CIUDAD DEL ESTE (Historical review, by editorial) Shaka (1787-22 September 1828), also known as Shaka Zulu, the name by which he appears more often in history books, was a Zulu tribal chief who in early The 19th century began a process that transformed the small Zulu tribe into the mightiest warrior nation in Africa, successfully meeting the British Empire’s advance from the Cape of Good Hope. There are several versions of the life and work of this tribal chief that are often at odds with reality, presenting him as a brilliant military leader or as an inhuman despot. The sources on his life come mainly from the Zulu oral tradition.
Shaka Zulu is one of the great tribal chiefs and military commanders in African history.
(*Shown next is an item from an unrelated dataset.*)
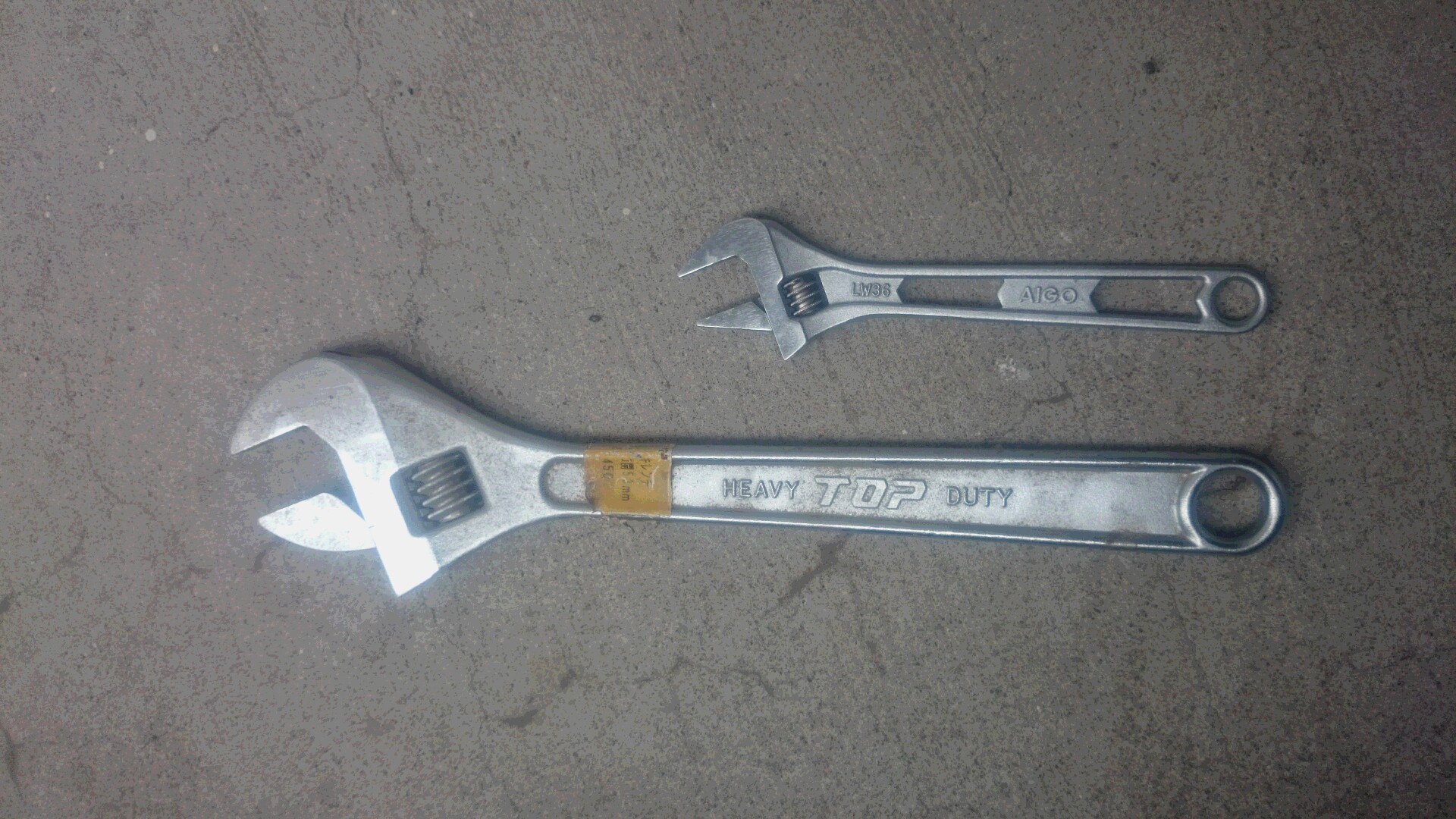 一番下のでっかいパイプレンチは昨日多摩っ子さんから借りてきた。

Shaka turned his people into a great military power and at the mercy of his victories united the battle-hardened Zulu tribes of the region, who would later inflict a series of painful defeats on the colonial forces of Europe.
Like other great warlords, Shaka has a terrible reputation behind him, and it is that although the figures may be exaggerated, if he is responsible for thousands of murders against neighboring tribes that did not want to submit to his will, he also displaced millions of people during his conquests.
On the other hand, the importance of Shaka was enormous when it came to forging a community of enormous military entity that may have had an army of up to 100,000 warriors, which strongly resisted the immense power of the British Empire, in what may have been its best hour. .
Shaka’s army was only infantry, he did not have cavalry, the caudillo’s preferred tactic was the buffalo head, which consisted of the soldiers carrying out a combat formation reminiscent of the head of said animal, divided into four corps , some had to hit from the front, while the others that represented the horns attacked from the wings and finally made a final closure from behind to the enemy. It is said that in 1820 the territory that Shaka dominated in extension was larger than France itself.
.- Shaka Zulu, Joshua Sinclair (2013).